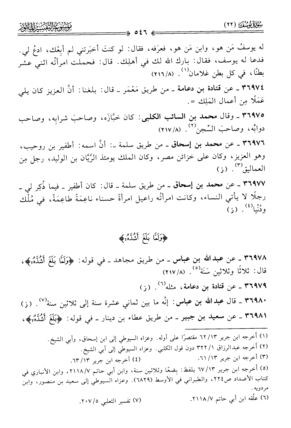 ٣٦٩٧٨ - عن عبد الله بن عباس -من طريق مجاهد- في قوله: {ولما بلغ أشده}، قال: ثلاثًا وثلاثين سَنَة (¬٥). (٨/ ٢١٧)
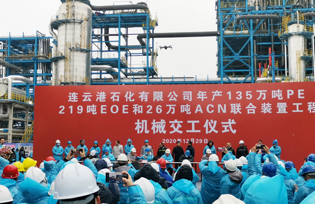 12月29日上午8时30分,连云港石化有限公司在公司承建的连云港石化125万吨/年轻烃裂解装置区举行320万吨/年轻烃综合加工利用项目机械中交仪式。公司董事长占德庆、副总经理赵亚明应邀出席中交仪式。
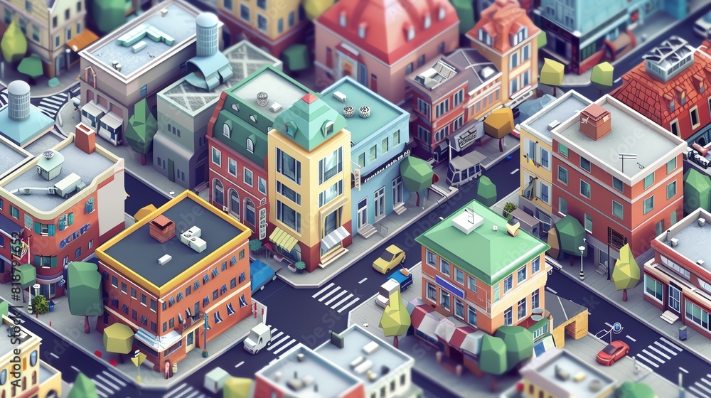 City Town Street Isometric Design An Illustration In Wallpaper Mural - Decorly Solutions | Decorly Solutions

--

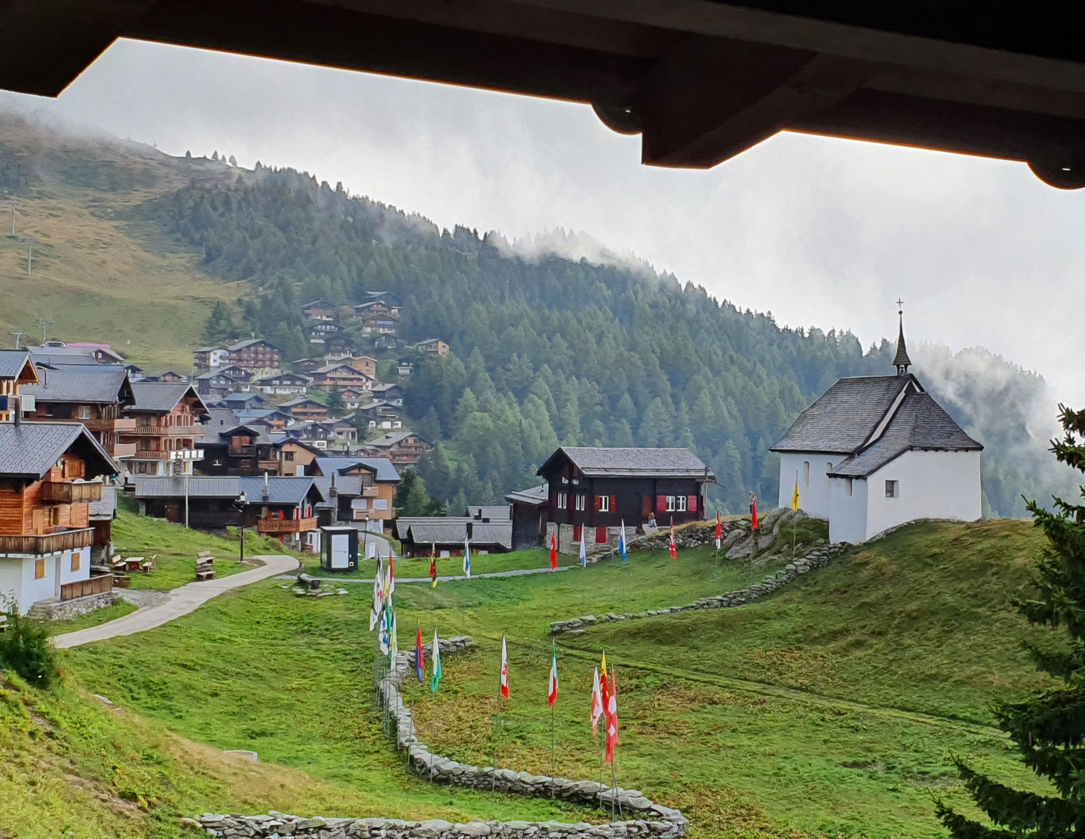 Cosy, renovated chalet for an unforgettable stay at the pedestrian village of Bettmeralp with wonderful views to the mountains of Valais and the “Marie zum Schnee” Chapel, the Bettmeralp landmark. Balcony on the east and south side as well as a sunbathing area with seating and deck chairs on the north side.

What to produce: Beginning at the line that has "12月29日上午8时30分,连云港石化有" and ending at the line that has "City Town Street", restate the listing above word for word, pictures left out.

Written response:
 12月29日上午8时30分,连云港石化有限公司在公司承建的连云港石化125万吨/年轻烃裂解装置区举行320万吨/年轻烃综合加工利用项目机械中交仪式。公司董事长占德庆、副总经理赵亚明应邀出席中交仪式。
 City Town Street Isometric Design An Illustration In Wallpaper Mural - Decorly Solutions | Decorly Solutions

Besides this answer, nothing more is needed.